We constantly hear about protein – how important it is for building muscle and losing weight, how we’re not getting enough of it, how it’s possible to have too much, the merits of plant-based versus animal-based protein, and on and on.
But here’s something we don’t hear about a lot – how to tell if our bodies are digesting all that protein effectively.
It’s great if we’re consuming the right amount of protein, but if our bodies aren’t using it properly, it’s not doing us as much good as it could.
“Even though we may eat tons of protein, a healthy body does a good job of utilizing the protein it needs and getting rid of the protein that it doesn't need,” explains Amanda A. Kostro Miller, RD, LDN, who serves on the advisory board for Smart Healthy Living.
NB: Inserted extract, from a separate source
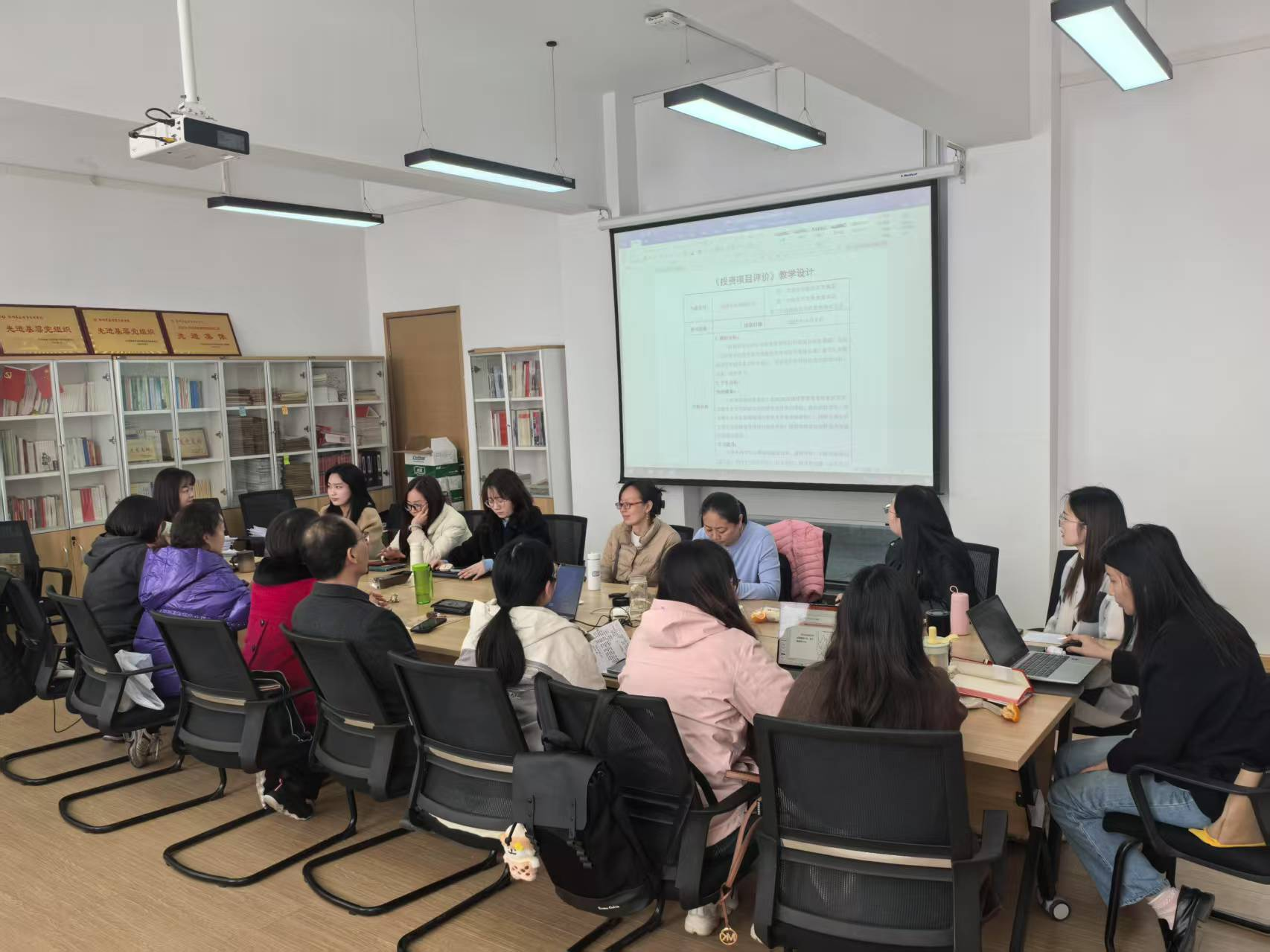 教学设计研讨活动中,以《投资项目评价》课程为例,各位教师进行了教学设计的展示与交流,教学设计需要以员工成果为导向,反向设计教学内容与方法,同时兼顾知识传授、能力培养和价值引领。

“Enzymes are responsible for digesting specific nutrients, including protein. Some people may not be digesting and absorbing certain proteins efficiently and the body will indicate a potential deficiency with certain physiological signs,” says Lisa Richards, a nutritionist and author of The Candida Diet.
She says mood changes can be an early sign that you’re not digesting protein effectively, as well as swelling of the feet, which can indicate poor protein digestion because albumin, a protein in blood, is responsible for reducing fluid buildup.
Other proteins we might be able to visually tell we’re lacking include elastin, keratin and collagen, which make up our hair, skin, and nails. “Loss or thinning in these areas could indicate you are not digesting protein effectively,” Richards says, adding that nausea and gas can also signal difficulty digesting protein.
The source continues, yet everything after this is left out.